Кто этот граф? Сумасшедший? Маньяк? Юродивый?
Спокойные серые глаза печатника встретились с такими же спокойными карими глазами графа. Нет, ни сумасшедших, ни юродивых в этом подвале не было. И тот и другой производили впечатление людей, твердо знающих, чего они хотят. Федоров был на голову выше графа. Граф почувствовал разницу в росте и то, что он смотрит на гостя снизу вверх. Он отступил на шаг.
— Пора спать, — сказал граф.
— Давно пора, — согласился гость. — Ранним утром я отправлюсь дальше.
— Много ли тебе нужно денег на новую типографию?
— Да, очень много.
— Где ты их возьмешь?
— Еще не знаю.
— Справца доложил мне, что в санях есть русские книги.

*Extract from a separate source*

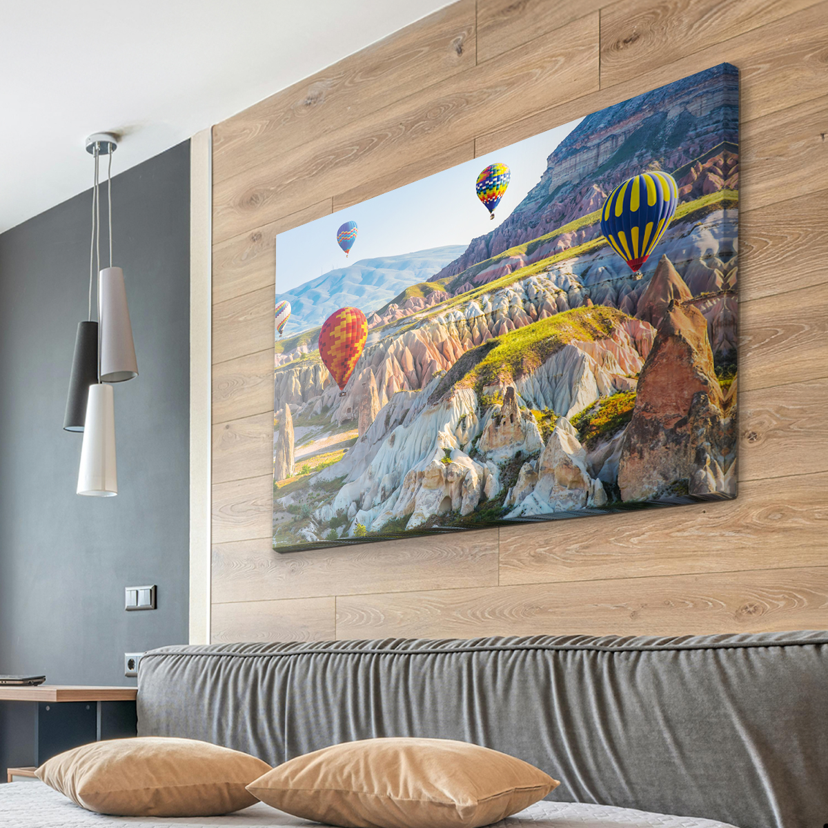 Akustikbild PURE mit „Ballons über Kappadokien II., Türkei“-Motiv für die Wand – das Wellness-Erlebnis für Ihre Augen und Ohren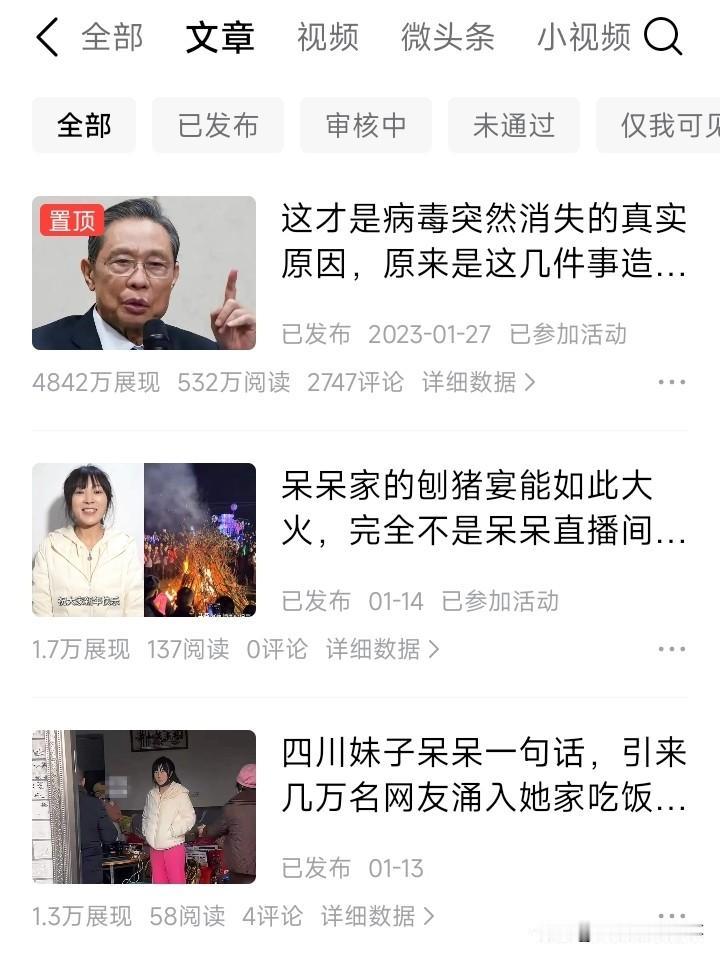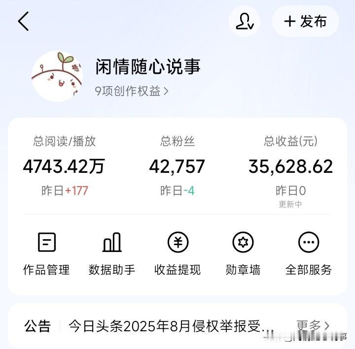 在头条写作也有1500多天了,也曾写出过阅读量过500W的文章,单篇收益过3000的文章也有好多篇,但现在我每天收益却只有几分钱… 我的惨痛经历只想告诉各位,一定不要断更!一定不要断更!一定不要断更! 以前不晓得断更有这么大的后续影响,早知道的话,哪怕每天只写一个微头条,那我也会打开头条写上一篇。 可惜没有后悔药啊,哪怕我曾努力回来写,但直到现在还没把号给养回来,看着苗京京她们每天收益都好几百,说不眼红那是假的。 我断更了好几次,最长断更了差不多半年之久,根据我的观察来看,你要是断更一两个月的话,还是对自己账号影响不太大。 主要我断更次数比较多,再加上断更半年时间太久了,就跟上班一样,你要是经常迟到早退的话,也会被判定成做事不认真的懒散员工。 同样的,来头条写作的人那么多,你要是经常有事没事就断更,自然而然也不会愿意推荐你的作品,久而久之你就成了透明一样,发什么也不会被看到了。 再次奉劝大家一句,千万千万不要随便断更啊…

— Я их напечатал в Заблудове.
— По-русски не читаю, но, если хочешь, я куплю для своей библиотеки.
— Я подарю тебе три книги.
— Но я готов купить по два экземпляра каждой.
— Хорошо, оставлю по два экземпляра каждой.
— Я провожу тебя до твоей комнаты.
— Спасибо. Иначе нам и не разойтись. Ведь у нас один канделябр на двоих.
Когда душа пылает и лютый ветер арфу глушит
Среди ночи путешественника разбудило царапанье ногтем о доски двери и тихий голос:
— Ау, ты спишь? Отзовись. Спрашиваю: спишь ты или нет?
— Сплю! — ответил путешественник. — И сын мой давно спит, чего и тебе, кто бы ты ни был, желаю. Ночь на дворе. Что вдруг неймется?
— Да разве кто знает, отчего ему не спится? От того, видно, что душа пылает. Неспокойная она у меня.
Путешественник узнал и голос хозяина замка, и его странную, задумчивую манеру говорить о самых простых вещах так, будто всего этого простым смертным не понять.
— Горит душа. Неспокойно ей. А ветер за окном слышишь какой! Не то что арфу заглушит, а даже крик дикого зверя. Сейчас там, за горой, в лесу волки, думаю, очень даже крепко воют. Ну, а до нас не долетают их молитвы… А волк на что может молиться? Чтоб путника ему судьба послала, коли стада в хлевах…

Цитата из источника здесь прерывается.